[grpo] set default load_format auto#9100
Conversation
There was a problem hiding this comment.
Code Review
This pull request updates the default load_format for vLLM engines from 'dummy' to 'auto' across several rollout-related modules. The review feedback highlights that existing code comments in swift/pipelines/infer/rollout.py and swift/rlhf_trainers/rollout_mixin.py are now stale and need to be updated to reflect the new default. Furthermore, there is a suggestion to improve weight synchronization by including buffers, which would address the performance regression introduced by loading from disk and potentially allow for a return to the faster 'dummy' load format.
| # as they will be synced from the trainer process. | ||
| # This will accelerate the rollout speed. | ||
| load_format = engine_kwargs.pop('load_format', 'dummy') | ||
| load_format = engine_kwargs.pop('load_format', 'auto') |
There was a problem hiding this comment.
The comment block on lines 452-454 is now stale as it explicitly mentions using 'dummy' to accelerate rollout speed by preventing disk loading. Since the default is being changed to 'auto', this comment should be updated to reflect the new behavior and the reason for it (e.g., ensuring buffer weights are initialized), while acknowledging the performance trade-off of loading from disk.

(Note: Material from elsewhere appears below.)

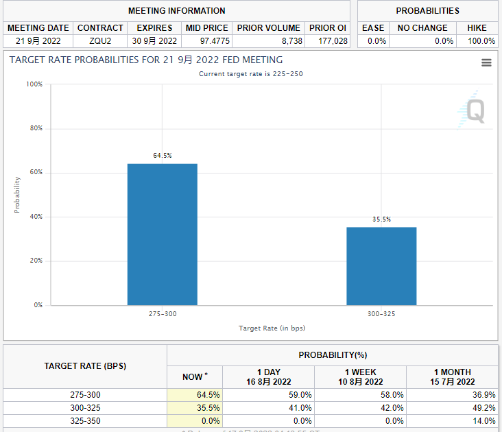 7月美国核心零售销售强于预期,该指标与国内生产总值(GDP)中的消费者支出部分最密切相关。同时,官方数据显示,英国7月消费者价格指数(CPI)同比涨幅升至10.1%,为1982年2月以来最高。这些数据似乎促使美国联邦基金利率期货的投资者将押注转向支持9月加息75基点。美国7月就业和薪资增长均超过预期,再加上最近股市反弹,可能表明经济对美联储来说仍然“过热”。

| # Use load_format from vllm_engine_kwargs if provided, otherwise default to 'dummy' | ||
| vllm_engine_kwargs = self.args.vllm_engine_kwargs or {} | ||
| load_format = vllm_engine_kwargs.pop('load_format', 'dummy') | ||
| load_format = vllm_engine_kwargs.pop('load_format', 'auto') |
There was a problem hiding this comment.
The comment on line 236 still refers to 'dummy' as the default value. It should be updated to 'auto' to match the code change.
Additionally, while using 'auto' is a valid workaround for missing buffer weights in the synchronization logic, it introduces a performance regression by loading the entire model from disk during initialization. A more efficient long-term solution would be to include buffers in the weight synchronization logic (e.g., in split_batches and _collect_state_dict_for_vllm), which would allow reverting to the 'dummy' load format for faster rollout engine startup.
|
I have try setting vllm load format to auto from cmd line, even though it solve model garbage output at iteration 0, weight sync is the actual root cause and GRPO training is not making progress. |
#9096
Some models, such as Gemma4, have buffer weights that are not covered by the current weight synchronization logic. Previously, the default load_format was set to dummy, which caused these buffer weights to be incorrectly initialized. Set load_format to auto to work around this issue.